America has spent more rebuilding Afghanistan than it spent rebuilding Europe under the Marshall Plan

@Glaurung’s right, but I don’t think it’s even a feature of colonialism, actually. India was a colony and, yeah, it has problems but it is working. Botswana and Kenya were colonies and they are, by all accounts, perfectly okay places to live and downright wonderful compared to the African mean.

Not to defend colonialism, of course—it ranged all the way from very bad (India) to Holocaust (Congo Free State, Jesus Christ Congo Free State)—but countries do bounce back. What’s harder to bounce back is what America did back in the fifties and sixties. See, most of the developing world was doing some sort of socialism. Not the fire-and-thunder glory to the Proleteriat kind you’d get in the Soviet Union but the much, much softer sort that’s a natural fit for a closely-knit developing country. This would have made things develop nicely—consider the Bitter Lake documentary and what the Afghanistan it shows in the beginning was like.

Then America shows up and, well, better dead than red, don’tchaknow, and so they decided that the socialists had to go. To do this, first, they made a deal with Saudi Arabia (a deal they still hold to) where they were given protection which they use, again, to this day to spread a benighted, horrifying, twisted version of Islam that’d strike the Mu’tazila school as unforgivably backwards in the eight goddamn century. They also shot as many of the socialists as they could and gave guns and gear and money to the lunatic fringe.

Imagine, if you will, the worst possible group in America. I’m sure you all have a favorite one. Someone dangerous and crazy and foul. Now imagine that some sort of extraterrestrial force[1] shows up and starts giving them support and intel (you can see a lot from a starship it turns out), and these crazy alien weapons in unlimited numbers.
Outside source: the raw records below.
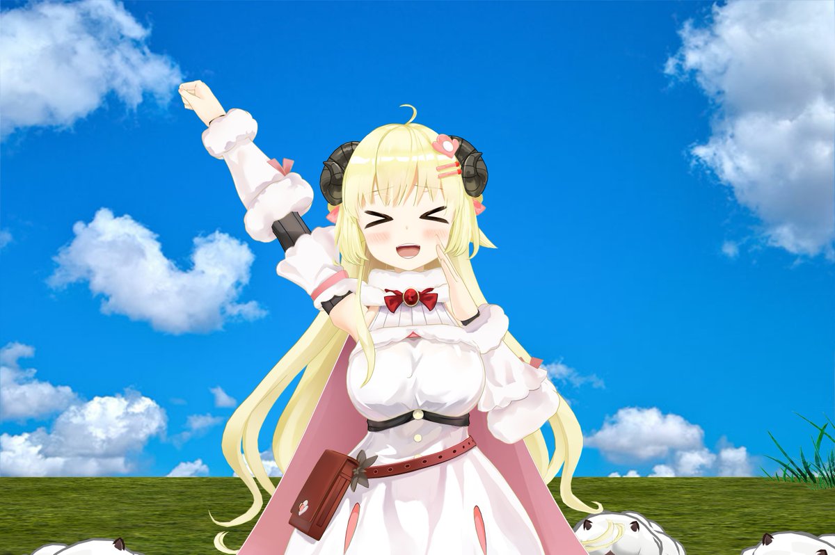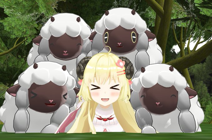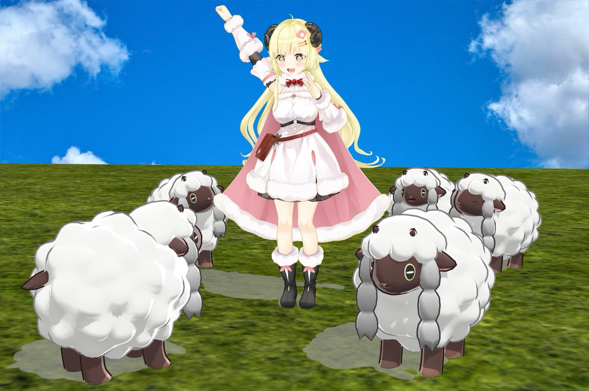 #つのまきあーと ウールーに紛れるわためぇ お借りしたモデル ・ホロライブ公式 角巻わため ・白羽式ウールー ・NuKasa式キノコのある森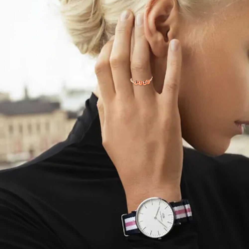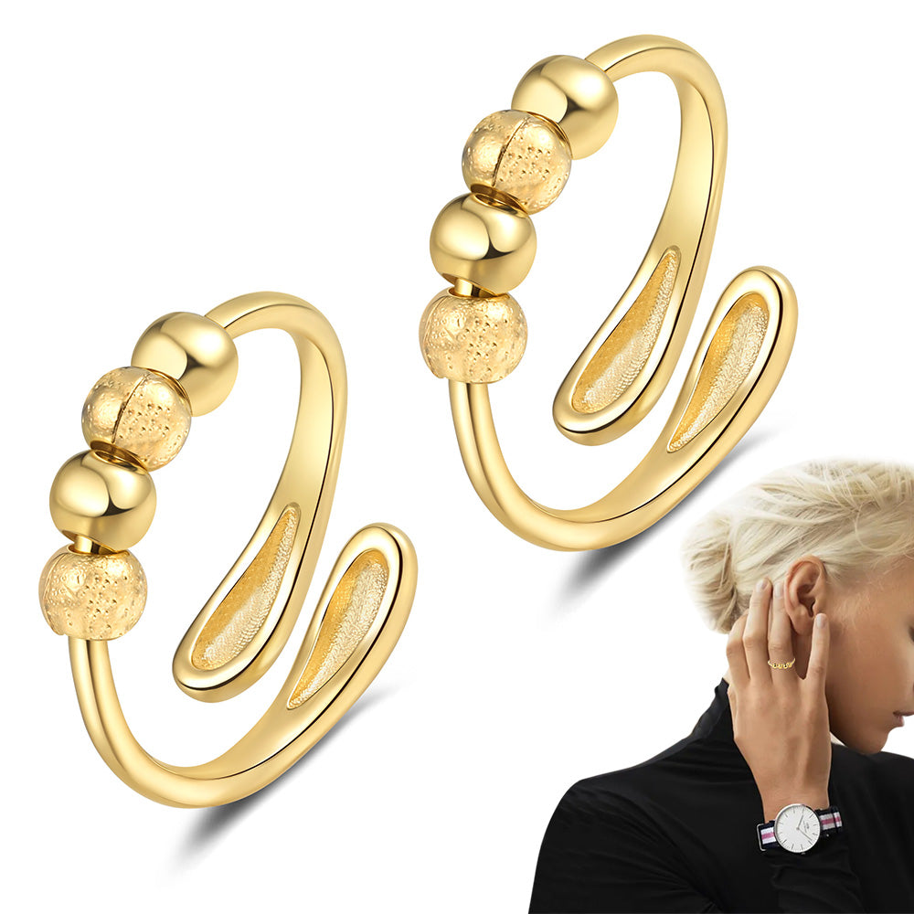 Reduce stress and promote calm with these elegant spinner rings featuring rotating beads and an adjustable open band for a comfortable fit.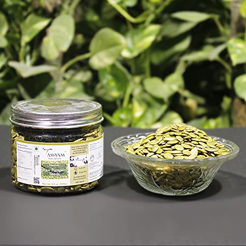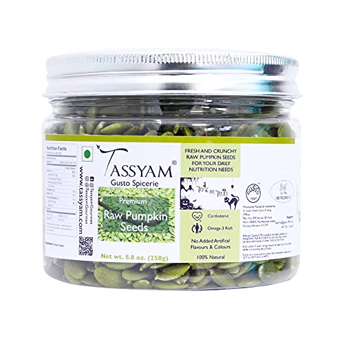 Raw Pumpkin Seeds 250gms (8.8 oz) Jar by Tassyam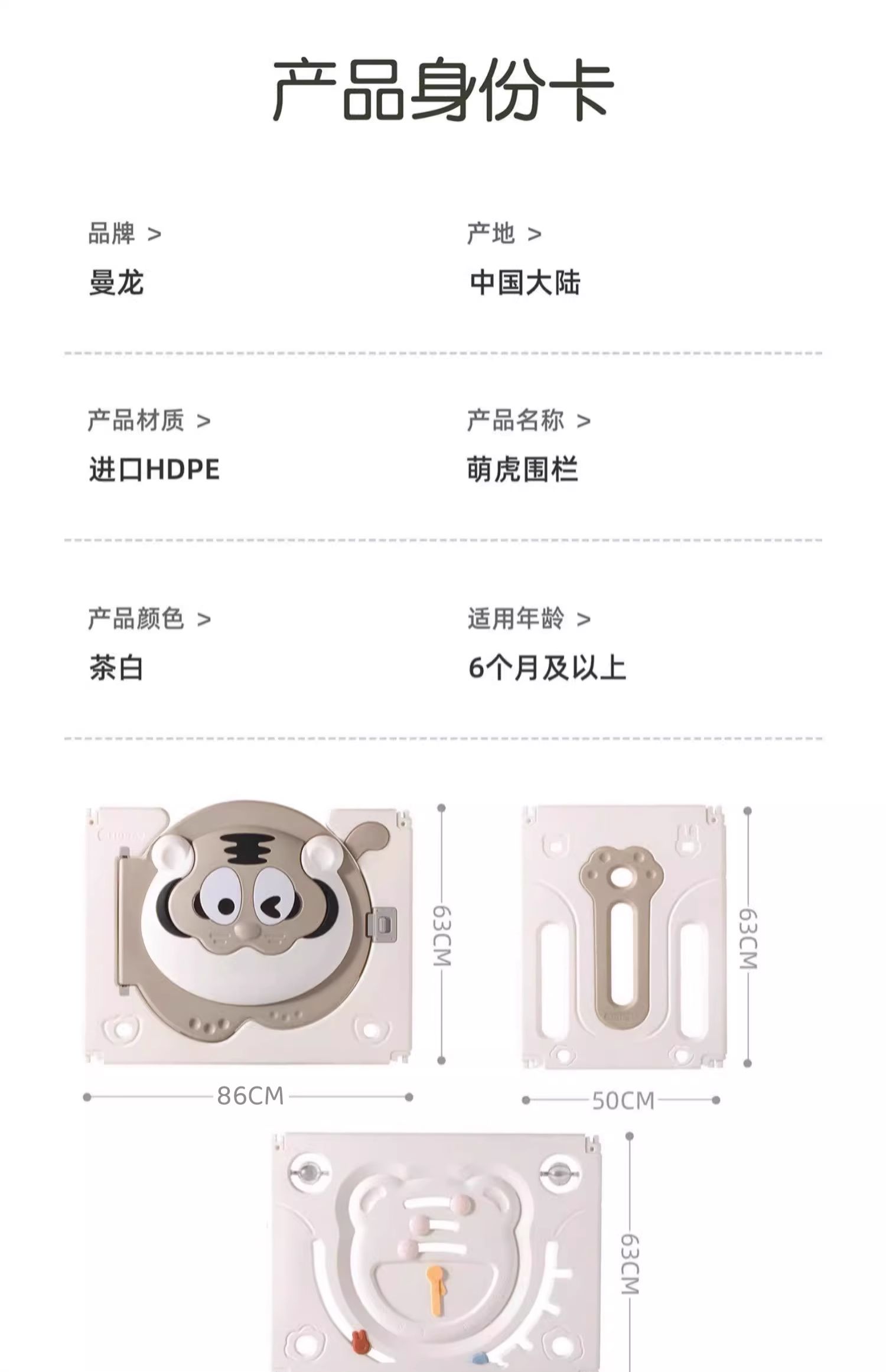 【冬日暖拥】曼龙mloong萌虎游戏围栏婴儿防护栏宝宝爬爬垫儿童地上室内家用客厅栅栏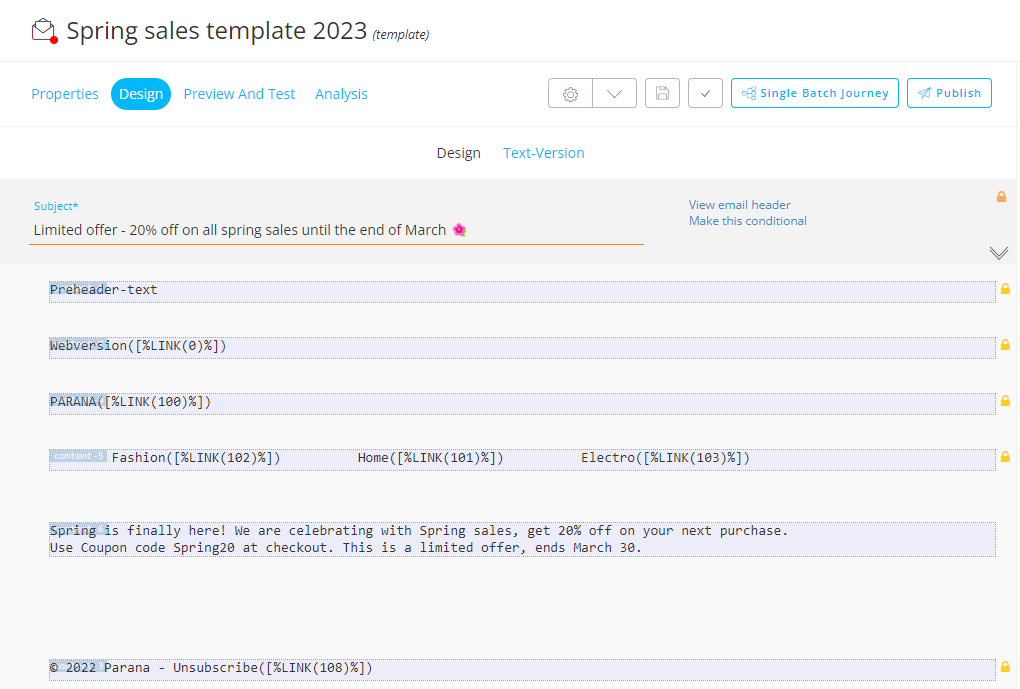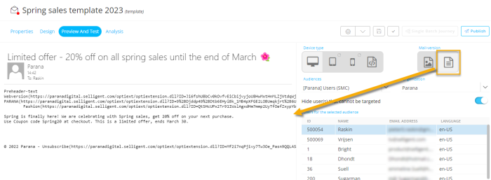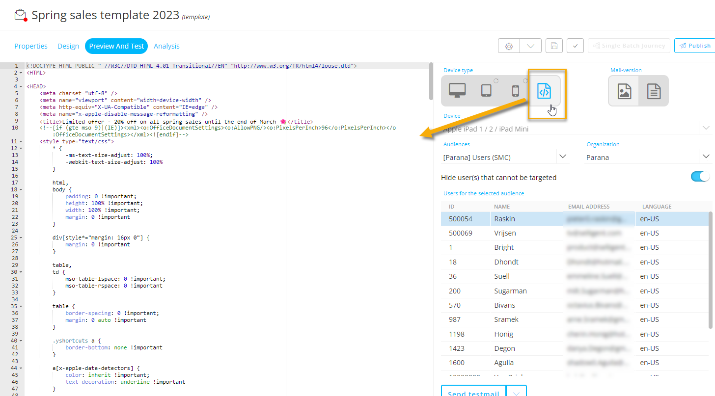 4. Next to the 'Device type' buttons, you can also click on the 'Mail-version' buttons to switch between the design view and the text version of the template.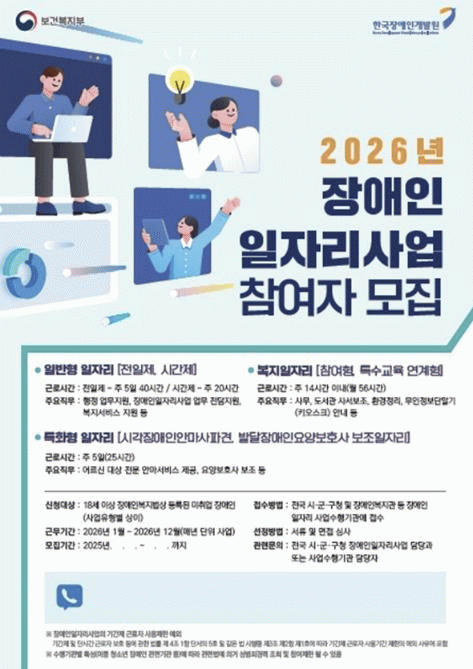»ç¾÷ ±â°£Àº 2026³â 1¿ùºÎÅÍ 12¿ù±îÁö 1³â°£À̸ç, À¾¸éµ¿ ÇàÁ¤º¹Áö¼¾Åͤý°ø°ø±â°ü¤ý»çȸº¹Áö½Ã¼³ µî¿¡¼ ÇàÁ¤ µµ¿ì¹Ì, »ç¹«º¸Á¶, ¹Î¿ø ¾È³», º¹Áö ¼ºñ½ºÁö¿ø ¿ä¿ø µîÀÇ ¾÷¹«¸¦ ¼öÇàÇÏ°Ô µÈ´Ù.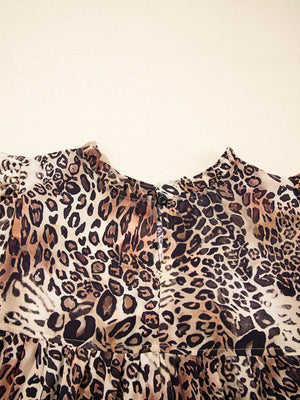 Leopard Ruffled Detail Long Sleeve Loose Mini Dress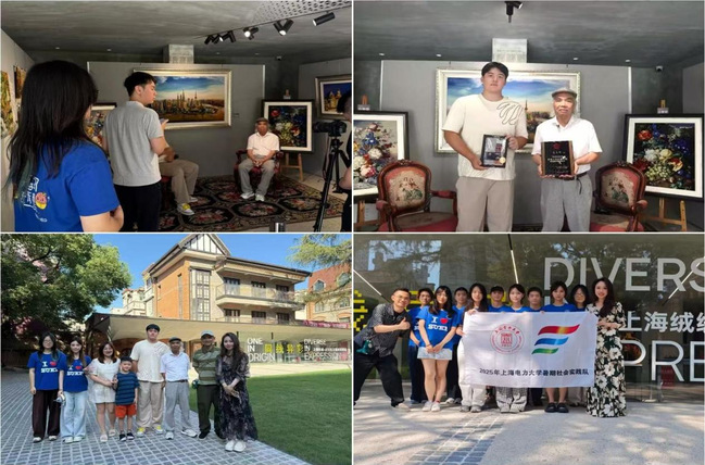 参与创新对话,共探非遗新生。7月1日,实践队全程协助新华社开展专访。队员们与记者逐字打磨访谈脚本,设计绒绣与潮流服饰的创意陈列,保障TEMOINS品牌创始人顾雨峰与包炎辉老师的跨界对话顺利呈现。希望通过年轻人的创意,让绒绣走进日常生活,包老师在镜头前的期许,与实践队协助推进的白玉兰主题DIY课程进校园计划不谋而合。队员们见证了“非遗文化传播大使”的授予仪式,也亲历了非遗从博物馆走向生活场的重要跨越。
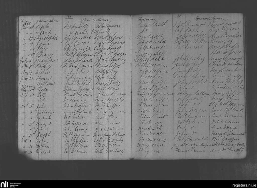 Newbridge; County of Kildare; Diocese of Kildare and Leighlin. Baptisms, June 1856 to Nov. 1856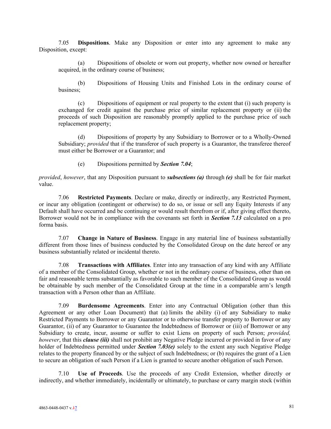 4863-0448-0437 v.17 81 7.05 Dispositions. Make any Disposition or enter into any agreement to make any Disposition, except: (a) Dispositions of obsolete or worn out property, whether now owned or hereafter acquired, in the ordinary course of business; (b) Dispositions of Housing Units and Finished Lots in the ordinary course of business; (c) Dispositions of equipment or real property to the extent that (i) such property is exchanged for credit against the purchase price of similar replacement property or (ii) the proceeds of such Disposition are reasonably promptly applied to the purchase price of such replacement property; (d) Dispositions of property by any Subsidiary to Borrower or to a Wholly-Owned Subsidiary; provided that if the transferor of such property is a Guarantor, the transferee thereof must either be Borrower or a Guarantor; and (e) Dispositions permitted by Section 7.04; provided, however, that any Disposition pursuant to subsections (a) through (e) shall be for fair market value. 7.06 Restricted Payments. Declare or make, directly or indirectly, any Restricted Payment, or incur any obligation (contingent or otherwise) to do so, or issue or sell any Equity Interests if any Default shall have occurred and be continuing or would result therefrom or if, after giving effect thereto, Borrower would not be in compliance with the covenants set forth in Section 7.13 calculated on a pro forma basis. 7.07 Change in Nature of Business. Engage in any material line of business substantially different from those lines of business conducted by the Consolidated Group on the date hereof or any business substantially related or incidental thereto. 7.08 Transactions with Affiliates. Enter into any transaction of any kind with any Affiliate of a member of the Consolidated Group, whether or not in the ordinary course of business, other than on fair and reasonable terms substantially as favorable to such member of the Consolidated Group as would be obtainable by such member of the Consolidated Group at the time in a comparable arm’s length transaction with a Person other than an Affiliate. 7.09 Burdensome Agreements. Enter into any Contractual Obligation (other than this Agreement or any other Loan Document) that (a) limits the ability (i) of any Subsidiary to make Restricted Payments to Borrower or any Guarantor or to otherwise transfer property to Borrower or any Guarantor, (ii) of any Guarantor to Guarantee the Indebtedness of Borrower or (iii) of Borrower or any Subsidiary to create, incur, assume or suffer to exist Liens on property of such Person; provided, however, that this clause (iii) shall not prohibit any Negative Pledge incurred or provided in favor of any holder of Indebtedness permitted under Section 7.03(e) solely to the extent any such Negative Pledge relates to the property financed by or the subject of such Indebtedness; or (b) requires the grant of a Lien to secure an obligation of such Person if a Lien is granted to secure another obligation of such Person. 7.10 Use of Proceeds. Use the proceeds of any Credit Extension, whether directly or indirectly, and whether immediately, incidentally or ultimately, to purchase or carry margin stock (within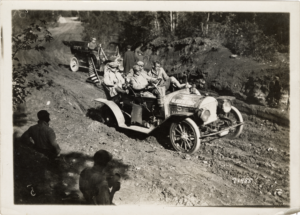 Motorists in 1911 Marathon automobile traveling on rural road, 1911 Glidden Tour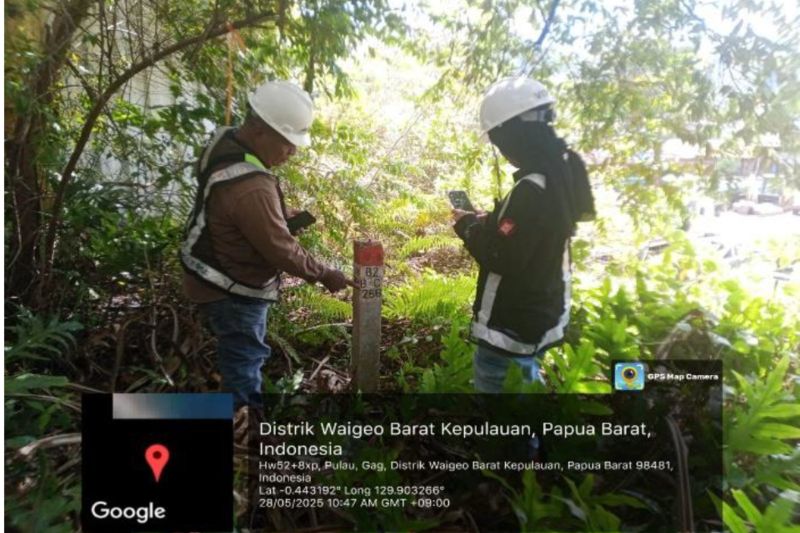Pengecekan pal batas Areal Penggunaan Kawasan Hutan di PT GN oleh Tim Gakkum Kemenhut sebagai bagian puldasi di lapangan tindak lanjut maraknya isu lingkungan di Kabupaten Raja Ampat, Papua Barat Daya pada 27 Mei-2 Juni 2025. ANTARA/HO-Gakkum Kemenhut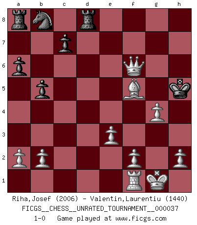 Last move : 1-0 2014 December 9 18:32:57 [Event "FICGS__CHESS__UNRATED_TOURNAMENT__000037"] [Site "FICGS"] [Date "2014.10.18"] [Round "1"] [White "Riha,Josef"] [Black "Valentin,Laurentiu"] [Result "1-0"] [WhiteElo "2006"] [BlackElo "1440"] 1.d4 d5 2.c4 e6 3.g3 Nf6 4.Bg2 g6 5.Nf3 Bg7 6.O-O O-O 7.Nc3 a6 8.cxd5 Nxd5 9.Nxd5 Qxd5 10.Bf4 Nc6 11.e3 Qd8 12.Rc1 Bd7 13.Rc5 h6 14.d5 exd5 15.Rxd5 Nb8 16.Bh3 f5 17.Qb3 b5 18.Rxd7 Kh8 19.Rxd8 Rxd8 20.Ne5 Kh7 21.Nxg6 Kxg6 22.Qe6+ Bf6 23.Bxf5+ Kg7 24.Bxh6+ Kxh6 25.Qxf6+ Kh5 26.g4+ 1-0 Queen's gambit declined Kingside Castling by player White (move 6) Kingside Castling by player Black (move 6) Player White won this chess game. Follow this game move after move (download)You are for me the Queen on d8 and I am the Pawn on d7 !! (Eduard Gufeld) Es ist besser die Steine des Gegners zu opfern. (Savielly Grigorievitsch Tartakower) El Ajedrez es un expediente tonto que hace creer a la gente inactiva que hacen una cosa muy astuta cuando solamente estan perdiendo su tiempo. (George Bernard Shaw) Shah mat. Le roi est mort. Cri de fierté d'un joueur venant de terrasser son adversaire, courtoisement, sans effusion de sang. Train yourself to let go of everything you fear to lose. (Master Yoda in Star Wars ep.3)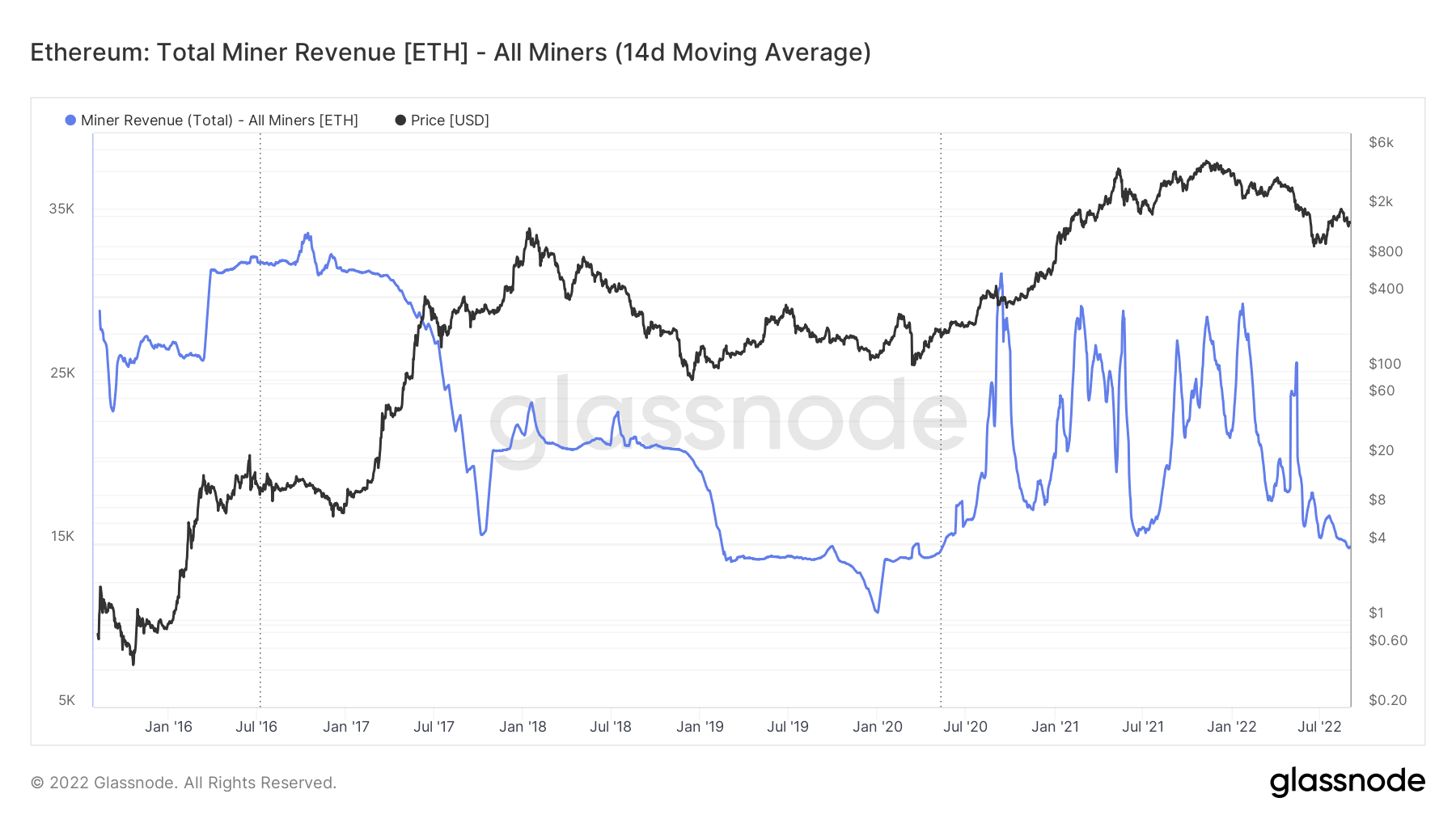 However, miner revenue is very close to a new all-time low. The only time it was lower than this was in Jan 2020.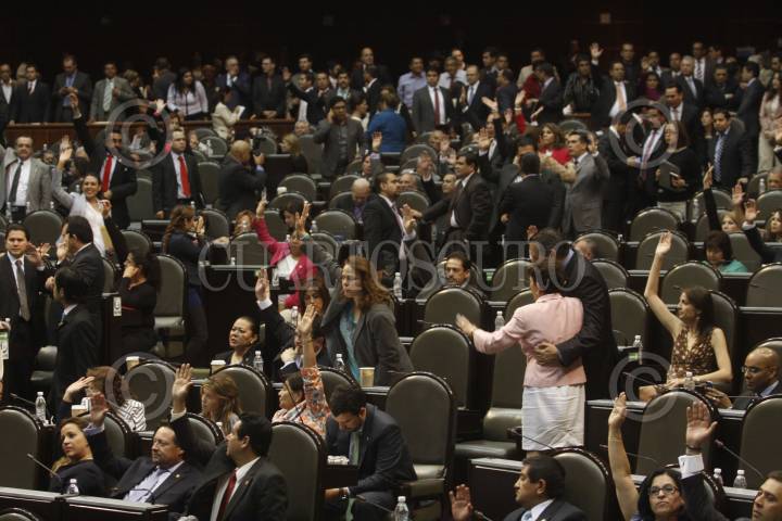 MÉXICO, D.F., 03ABRIL2014.- Los coordinadores Luis Alberto Villareal, PAN y Manlio Fabio Beltrones, PRI, durante la sesión en la cual se aprobaron los consejeros del Instituto Nacional Electoral durante la sesión en la Cámara de Diputados. FOTO: CUARTOSCURO.COM

[1] Since it needs to be a vastly bigger power.

How long d’you think America would last?

The current chaos and despair in the Middle East is largely the result of that. It’s also why Russia’s so leery of America and anything to do with America. A significant amount of Russians think you’d like to do much the same to them and they really don’t like the notion.

Actually the Soviets invaded because they were invited, and they were invited because the local semi-skimmed socialist regime was terrified of the Taliban (rightly) and the Taliban were so terrified because they were engineered to bleed the Soviets. The whole country was a trap. The geopolitical engineers who dreamed that one up didn’t seem to give much of a damn what happened to the country afterwards.

I maintain that merely physical devastation is much easier to fix than damage to the social fabric, to the bonds of trust, and to the necessary educated classes. Vietnam was incredibly damaged in the war, but by all accounts they are managing fine. Not perfectly but way better than Afghanistan. About as well as Moldova, in fact, which never had to go and fight and defeat the United States of America.